By Vivian Moreau
There’s no trail through the bush to the Cheakamus River side
channel where workers are moving debris marooned from a 2003 flood back into
the water. But supervisor Peter Frederiksen of Triton Environmental Consultants
follows sounds of voices and a ratcheting cable puller through the forest to
the four-metre wide Gorbushka side channel to discuss rehabilitation efforts
with two workers.
“Messy channels can be a good thing as long as it’s not too messy,”
Frederickson says about the waters cluttered with logs, tree stumps and clumped
branches.
Triton employee Murray Metcalfe cranks a cable dragging a
two-metre stump into place in the stream as fisheries technician Allen Lewis
watches for snags.
“It’s a relatively slow process but the alternative would be to
walk in here with an excavator… and you can imagine the damage to the riparian
zone (that would cause),” Fredericksen says.
Tributaries of the Cheakamus River, the side channels are being
plumped up to entice returning coho, chum, pink salmon and steelhead to the
area and to provide nurseries for resulting fry and smolts. Part of a recovery
plan designed to help fish numbers rebound from the devastating August, 2005
sodium hydroxide river spill, Canadian National Railways is financing
rehabilitation of spawning side channels that were disturbed by the 2003 high
water flood. Hired by CN to implement the recovery plan that was finalized Aug.
15, Triton staff and contracted fish technicians are building woody debris
refuges for small fish to hide in and around before they migrate to sea.
“Juvenile fish like to have little breaks from higher
velocities of current to hide from predators and a refuge area where they can
sit in slow water and then dart out into fast water to pick up food items that
are drifting by,” Frederiksen says.
Steelhead are more difficult to build rearing grounds for than
coho or chum, preferring faster moving waters, Frederiksen says. The robust
fish may find nearby Mykiss channel, whose velocity can be controlled with a
gate valve, more to their liking.
Drafted by a consortium of First Nations, federal, provincial
and district agencies, with input from environmental and angling groups, the
recovery plan has provisions for both habitat and hatchery enhancements in
order to achieve clear numbers of fish by a certain date. Expected to take 10
years and costing millions of dollars, the efforts are aimed at bringing back
up to 160,000 chinook salmon, 128,000 coho, and 400 steelhead. Targeted numbers
for cutthroat, char, sculpins, lamprey and stickleback are less clear because
of lack of pre-spill inventory data on those species.
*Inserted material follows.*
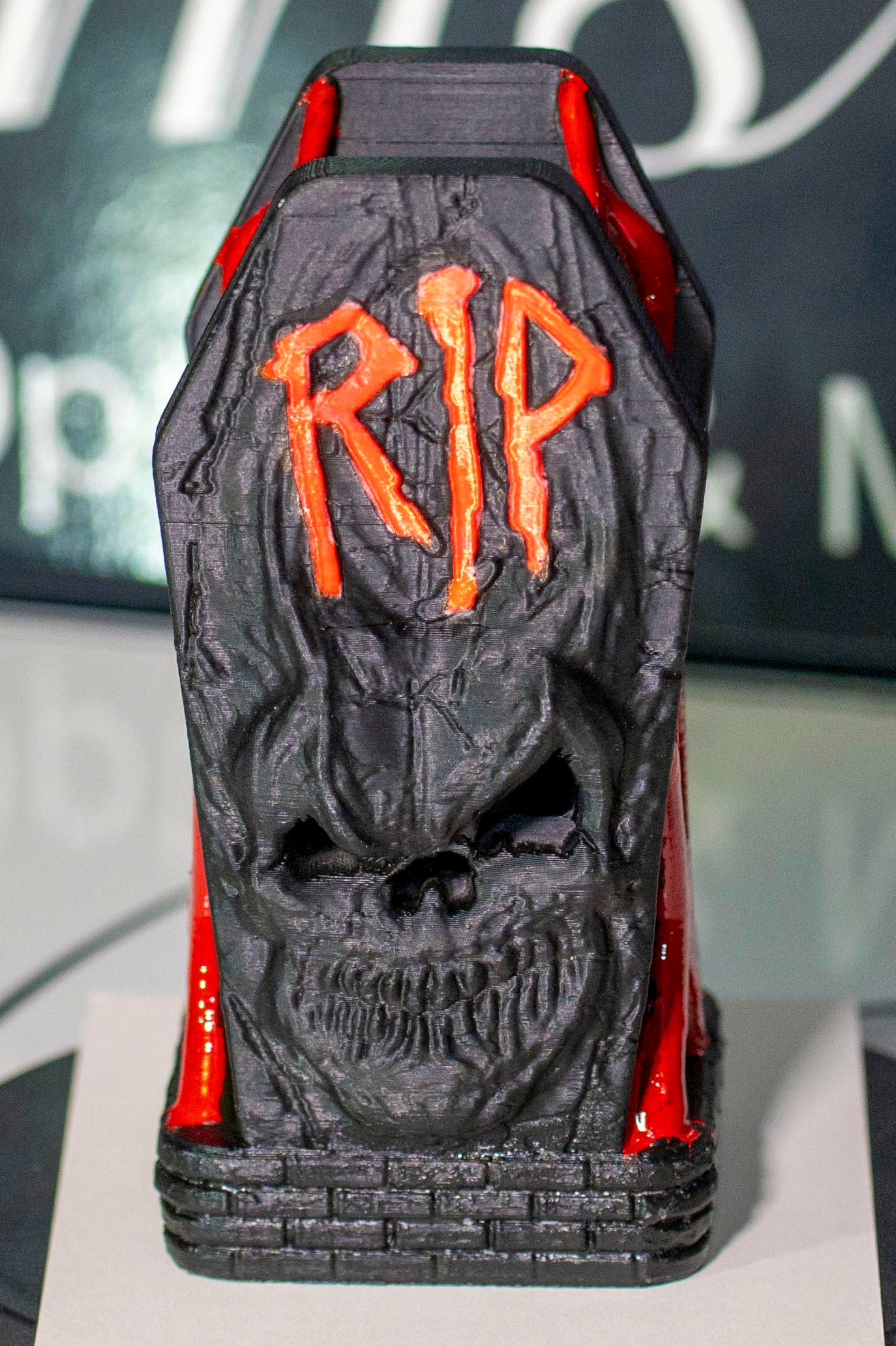Add gothic charm to your space with this intricately designed tombstone candle holder. Perfect for Halloween décor or dark-themed interiors, it provides a dramatic focal point while holding your candles securely. Crafted in high-quality 3D print, it’s both decorative and durable, ideal for collectors or horror enthusiasts.

Fredericksen supervises a half dozen projects as part of the
Cheakamus recovery plan. Removing a concrete apron underneath Cheekye River
bridge will allow steelhead easier passage, as will clearing out the head of a
dry creekbed at Kilometre 11. His favorite project, Frederiksen says the
Kilometre 11 project will have the most visually dramatic effect. “It has the
most opportunity to create a lot of fish habitat right away.”
About 35,000 steelhead fry are being raised at Fraser Valley
Trout Hatchery in Abbotsford. Culled from eggs of 10 pairs of steelhead, the
hatchery’s manager says the fry are robust.
“They’re happy little campers,” said Dale Larson.
Divided into two groups of equal numbers of three gram and 1.5
gram fry, they need to reach 80 grams before release in May, 2007.
“We’re just having discussions right now as to where in the
Cheakamus to release them,” Larson said. “If it’s for replacement of population
we’ll likely put them upriver so they distribute throughout the whole system,
or another option is to put them in a side channel so they can be monitored as
they go out.”
Original targets for release of smolts had been 20,000. What
will happen to the extra number of smolts is also under discussion.
Pushing back through the forest to the access road from the
Gorbuska side channel, Frederiksen points out three-foot cedar saplings,
pioneer species, he explains. Thirty years ago Gorbushka channel had a
different course and after periodic flooding changed its direction a variety of
vegetation and trees took hold in the exposed area. Cedars and maples take over
as alders that initially sprung up are now nearing the end of their life.
Frederiksen notes how disturbances in nature sometimes have positive spinoffs
and makes the connection to the Cheakamus project.
“It was an unfortunate incident (the CN derailment and spill) but there are a lot of good things resulting in terms of recovery planning, strategies and cooperation between agencies. They all worked very hard to come up with some recovery strategies and targets that we can use to measure recovery.”